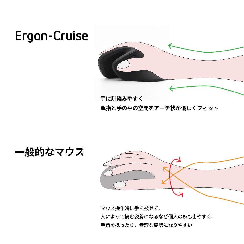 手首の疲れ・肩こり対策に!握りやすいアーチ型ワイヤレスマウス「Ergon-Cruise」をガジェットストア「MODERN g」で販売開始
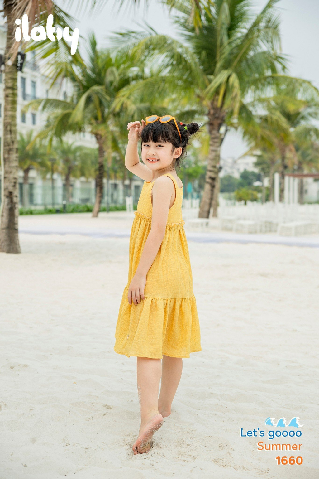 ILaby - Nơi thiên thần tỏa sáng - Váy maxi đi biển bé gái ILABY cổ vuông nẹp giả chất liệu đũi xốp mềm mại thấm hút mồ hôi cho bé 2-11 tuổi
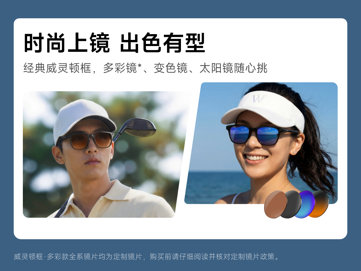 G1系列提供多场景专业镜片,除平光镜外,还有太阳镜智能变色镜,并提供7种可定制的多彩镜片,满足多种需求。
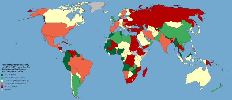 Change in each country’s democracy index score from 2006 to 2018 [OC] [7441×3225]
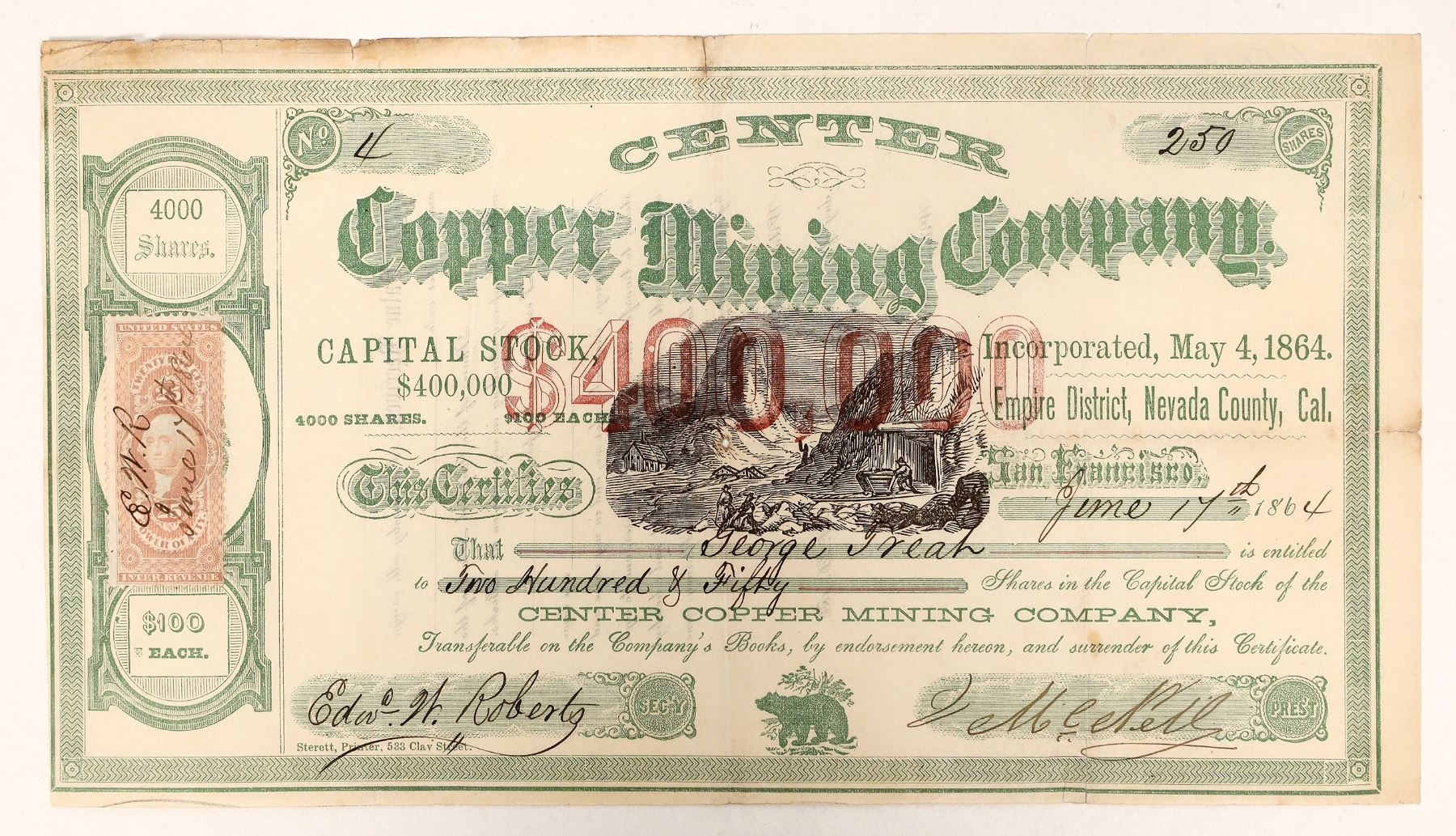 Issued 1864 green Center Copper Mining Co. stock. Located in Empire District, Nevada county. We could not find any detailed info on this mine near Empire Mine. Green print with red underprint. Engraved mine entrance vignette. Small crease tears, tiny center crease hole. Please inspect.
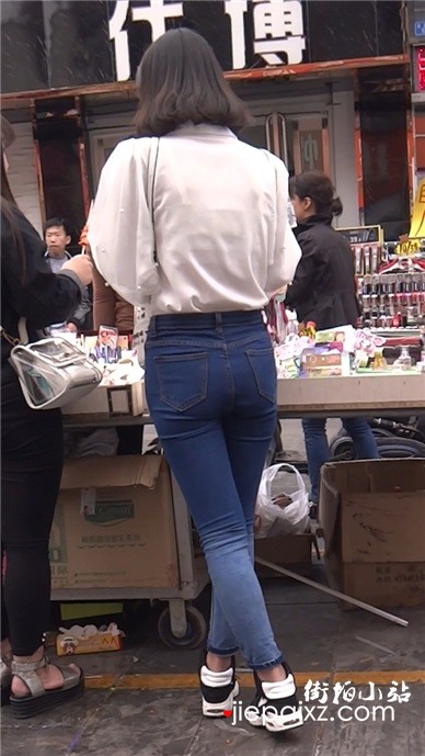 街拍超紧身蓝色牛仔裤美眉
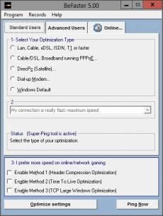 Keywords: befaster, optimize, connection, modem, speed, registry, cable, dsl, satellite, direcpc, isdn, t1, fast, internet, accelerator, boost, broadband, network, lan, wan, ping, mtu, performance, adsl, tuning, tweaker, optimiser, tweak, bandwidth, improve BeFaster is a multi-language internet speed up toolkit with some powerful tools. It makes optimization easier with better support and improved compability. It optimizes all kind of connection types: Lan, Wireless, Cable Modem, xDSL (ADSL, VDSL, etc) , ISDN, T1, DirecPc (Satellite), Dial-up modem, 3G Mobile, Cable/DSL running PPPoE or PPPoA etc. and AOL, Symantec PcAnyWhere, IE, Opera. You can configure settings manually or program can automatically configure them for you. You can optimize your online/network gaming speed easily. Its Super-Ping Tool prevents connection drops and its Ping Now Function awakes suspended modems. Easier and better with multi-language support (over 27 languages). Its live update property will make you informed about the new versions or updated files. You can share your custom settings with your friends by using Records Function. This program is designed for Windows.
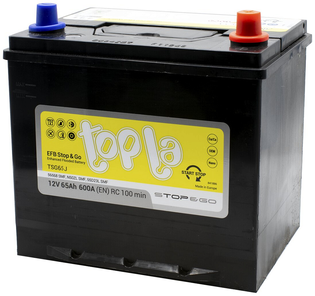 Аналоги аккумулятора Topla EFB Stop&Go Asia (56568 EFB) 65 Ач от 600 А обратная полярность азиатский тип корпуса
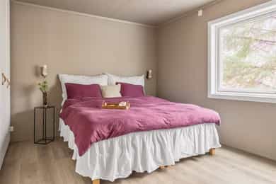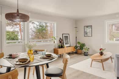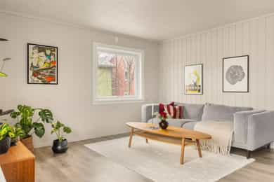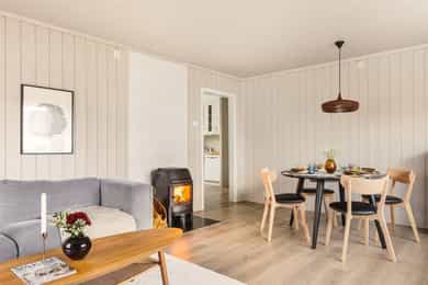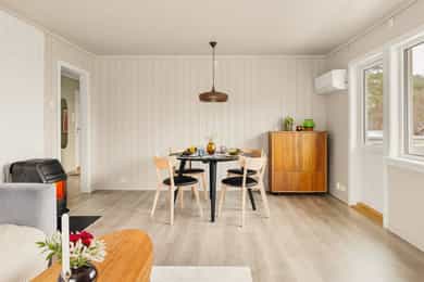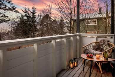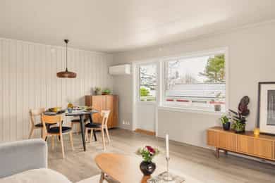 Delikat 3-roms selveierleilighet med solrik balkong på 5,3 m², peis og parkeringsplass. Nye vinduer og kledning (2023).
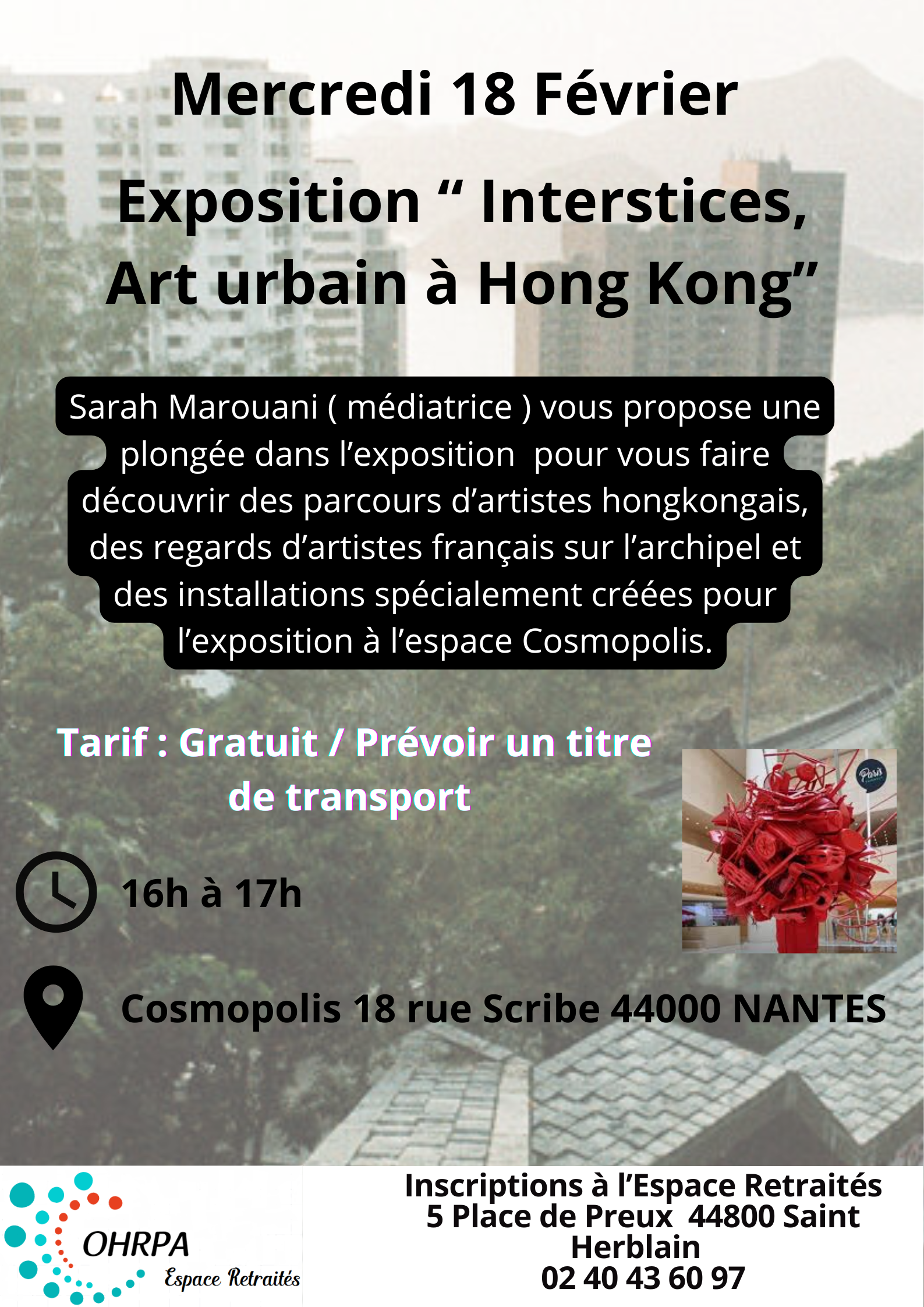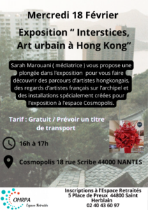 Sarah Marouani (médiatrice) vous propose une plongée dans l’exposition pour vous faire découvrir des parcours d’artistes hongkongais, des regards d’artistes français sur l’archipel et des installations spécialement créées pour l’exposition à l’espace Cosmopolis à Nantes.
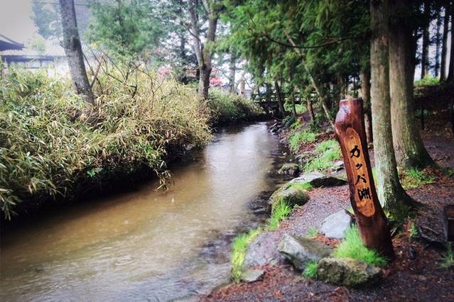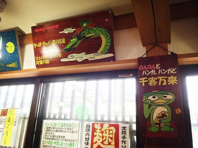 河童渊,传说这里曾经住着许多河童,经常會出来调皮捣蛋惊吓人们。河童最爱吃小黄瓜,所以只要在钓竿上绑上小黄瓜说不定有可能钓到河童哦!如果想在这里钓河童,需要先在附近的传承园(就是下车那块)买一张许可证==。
======
▸ **What the exercise asks**:
Retype the lines starting with the one that holds "Аналоги аккумулятора Topla" and ending with the last line of the data above, both included; skip the pictures.

▸ **Answer box**:
 Аналоги аккумулятора Topla EFB Stop&Go Asia (56568 EFB) 65 Ач от 600 А обратная полярность азиатский тип корпуса
 Delikat 3-roms selveierleilighet med solrik balkong på 5,3 m², peis og parkeringsplass. Nye vinduer og kledning (2023).
 Sarah Marouani (médiatrice) vous propose une plongée dans l’exposition pour vous faire découvrir des parcours d’artistes hongkongais, des regards d’artistes français sur l’archipel et des installations spécialement créées pour l’exposition à l’espace Cosmopolis à Nantes.
 河童渊,传说这里曾经住着许多河童,经常會出来调皮捣蛋惊吓人们。河童最爱吃小黄瓜,所以只要在钓竿上绑上小黄瓜说不定有可能钓到河童哦!如果想在这里钓河童,需要先在附近的传承园(就是下车那块)买一张许可证==。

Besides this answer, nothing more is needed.